> **Data segment**
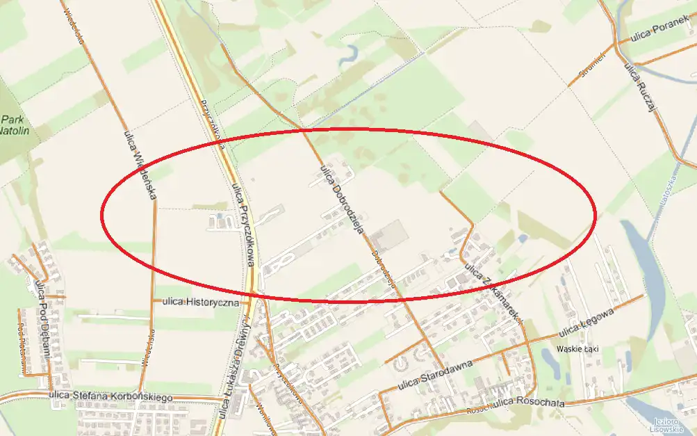 Działka budowlana o powierzchni 7583 m2, położona na terenie Wilanowa (Powsin) w rejonie ulicy Dobrodzieja.
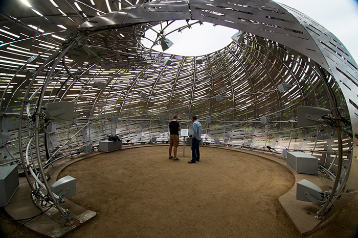 As visual strategists at NASA’s Jet Propulsion Laboratory (JPL), Dan Goods and David Delgado use art and design to explain science. Their newest project is the Orbit Pavilion sound experience, which recently opened at The Huntington. The large silver structure sits on the Celebration Lawn by the terrace of the 1919 café. Inside, visitors can hear sounds representing the movement of the International Space Station and 19 Earth satellites. We asked Goods and Delgado about the thinking behind the project.
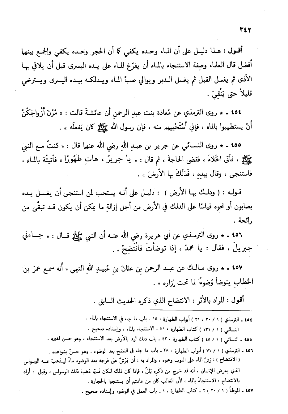 456 - * روى الترمذي عن أبي هريرة رضي الله عنه أن النبي صلى الله عليه وسلم قال: "جاءني جبريل، فقال: يا محمد، إذا توضأت فانتضح".
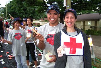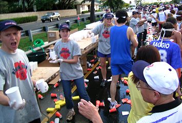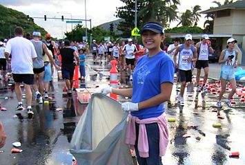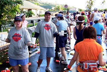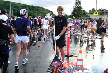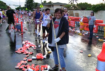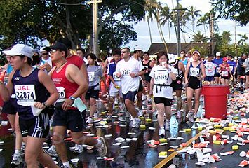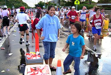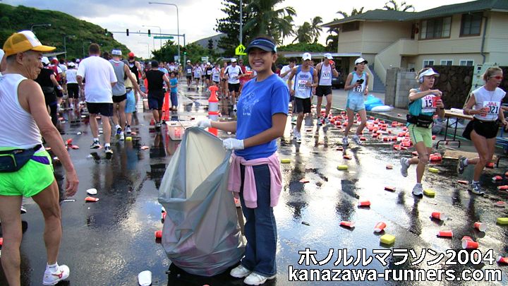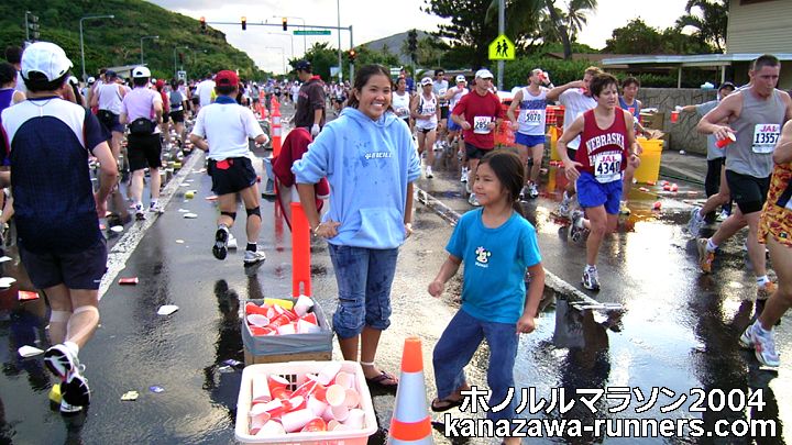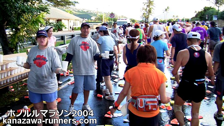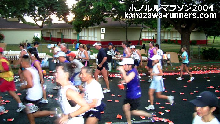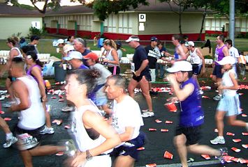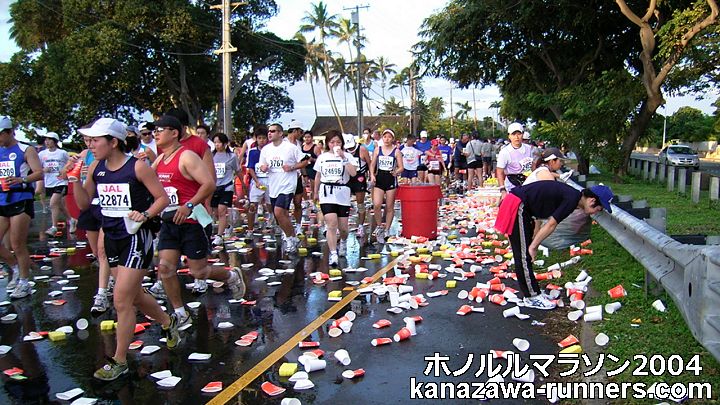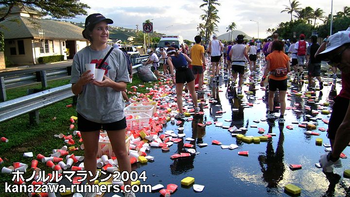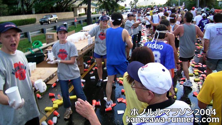 | ホノルルマラソンでは、給食サービスはありません。ウェストポーチに、バナナ・クッキー・梅干しなどを準備しています。コースの後半では、私設エイドでクッキーをいただいたこともあります。 給水は、これでもかというくらいボリュームがあります。紙コップのサイズが日本で使うもに比べて2倍くらいか、それになみなみと入っています。半分も飲めません。 エイドステーションは水浸しで、鏡のように青空を映しています。そしてコップのジュータン。これらもランナーや係員を組み込んで撮影します。 |

> **Activity**
Return the listing above word for word. Keep the images out.

> **Problem solution**
 Działka budowlana o powierzchni 7583 m2, położona na terenie Wilanowa (Powsin) w rejonie ulicy Dobrodzieja.
 As visual strategists at NASA’s Jet Propulsion Laboratory (JPL), Dan Goods and David Delgado use art and design to explain science. Their newest project is the Orbit Pavilion sound experience, which recently opened at The Huntington. The large silver structure sits on the Celebration Lawn by the terrace of the 1919 café. Inside, visitors can hear sounds representing the movement of the International Space Station and 19 Earth satellites. We asked Goods and Delgado about the thinking behind the project.
 456 - * روى الترمذي عن أبي هريرة رضي الله عنه أن النبي صلى الله عليه وسلم قال: "جاءني جبريل، فقال: يا محمد، إذا توضأت فانتضح".
 | ホノルルマラソンでは、給食サービスはありません。ウェストポーチに、バナナ・クッキー・梅干しなどを準備しています。コースの後半では、私設エイドでクッキーをいただいたこともあります。 給水は、これでもかというくらいボリュームがあります。紙コップのサイズが日本で使うもに比べて2倍くらいか、それになみなみと入っています。半分も飲めません。 エイドステーションは水浸しで、鏡のように青空を映しています。そしてコップのジュータン。これらもランナーや係員を組み込んで撮影します。 |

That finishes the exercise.